The Ballot Initiative Strategy Center has unveiled a new ad highlighting the fact that between 1997 and 2006, anti-affirmative action gadfly Ward Connerly has "lined his own pockets with over $7.6 million from his two tax exempt non-profit organizations; American Civil Rights Institute and the American Civil Rights Coalition."
The BISC points to this recent article on Connerly from The American Conservative that sums up his career by explaining that while "his activism is not entirely cynical" he has somehow managed to acquire "wealth and fame for accomplishing nothing":
But don’t spend too much sympathy on Ward Connerly. The Right’s point man on affirmative action doesn’t need political successes to be a success. While his plans sputter and his former achievements are overturned, Connerly is still being handsomely rewarded. Once he received favored status from the conservative movement, his future was guaranteed. As an activist, Connerly has made millions opposing affirmative action.

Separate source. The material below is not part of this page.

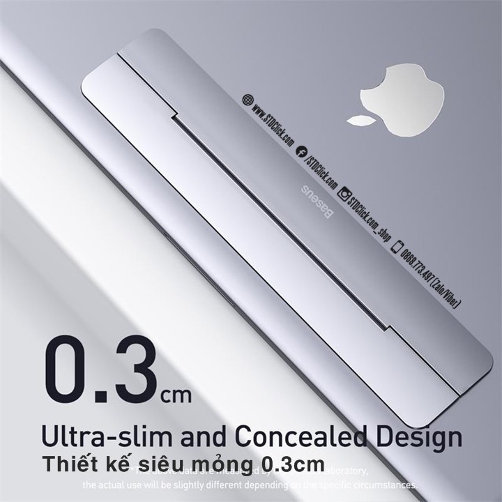 ĐẾ ĐỠ MACBOOK BASEUS PAPERY ZHISHI SIÊU MỎNG TẢN NHIỆT 13-17 INCH CHÍNH HÃNG với chất liệu hợp kim cao cấp chống rỉ sét, độ dày chỉ 0.3cm với 2 tông màu bạc và xám . Khi đóng lại có thể ôm sát vào thân máy tạo sự liền mạch và hài hoà với chiếc Macbook của bạn. Sản phẩm khuyên dùng cho laptop dưới 17inch và cân nặng dưới 2kg và có mặt đế bằng phẳng.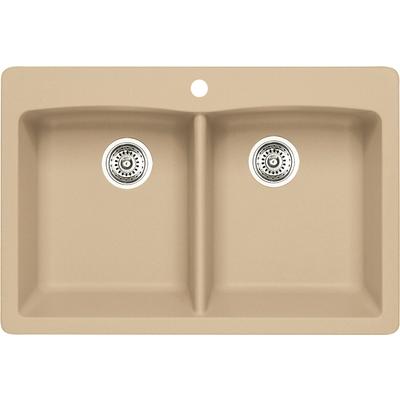 This double bowl topmount sink from BLANCO is made of 80% natural granite. Rear positioned drain holes maximize usable bowl and cabinet storage space. 3-1/2" stainless steel strainers are included. 80% Natural Granite Colour: Biscotti Bowl Depth:... Read more

As a businessman and consultant, he has also made hundreds of thousands in large part because of it.
Between 1999 and 2005, Connerly’s nonprofits, the American Civil Rights Institute and the American Civil Rights Coalition, didn’t challenge a single affirmative-action law. Yet donations climbed to almost $2 million per year. The share that Connerly paid to himself, or to his private for-profit consulting firm, Connerly and Associates, also dramatically increased. In 1998, 22 percent of his nonprofits’ revenue was paid to Connerly in salary or to his firm. By 2001, Connerly’s salary and the fees charged by Connerly and Associates ate up 49 percent of the nonprofits’ combined revenue. Most of the money paid to the firm was listed on tax forms as “speaking fees.” In 2006, when Connerly took up a concrete goal in political activism—ending Michigan’s affirmative-action policies—the cut of nonprofit revenue paid to him and his firm rose to 66 percent of total receipts, nearly $1.6 million.

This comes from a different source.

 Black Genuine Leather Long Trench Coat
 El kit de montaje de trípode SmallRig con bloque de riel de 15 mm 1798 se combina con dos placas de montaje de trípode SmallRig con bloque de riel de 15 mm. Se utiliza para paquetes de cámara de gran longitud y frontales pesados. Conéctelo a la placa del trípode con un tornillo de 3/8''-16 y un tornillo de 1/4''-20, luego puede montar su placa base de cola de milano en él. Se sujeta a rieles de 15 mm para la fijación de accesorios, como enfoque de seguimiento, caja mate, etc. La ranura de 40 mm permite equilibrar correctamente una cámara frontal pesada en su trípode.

Connerly’s nonprofits employ him for 30 hours a week and two others full time. The nonprofits then hire him from Connerly and Associates to make speeches. In 2003, ACRI and ACRC paid him $314,079 while he managed two people. By comparison, that year the National Action Network, which receives about $1 million in public funds, only paid Al Sharpton about $4,000. The Claremont Institute, a neoconservative think tank in California, paid its top executive $132,000, and its staff is 9 times the size of Connerly’s. The Heritage Foundation paid its president $292,000 to manage a staff of over 180. The primary financial responsibility that Ward Connerly had at his nonprofits that year was paying his firm over $400,000 for Ward Connerly the consultant, Ward Connerly the speaker, Ward Connerly the political maven—and occasionally a security detail to guard him.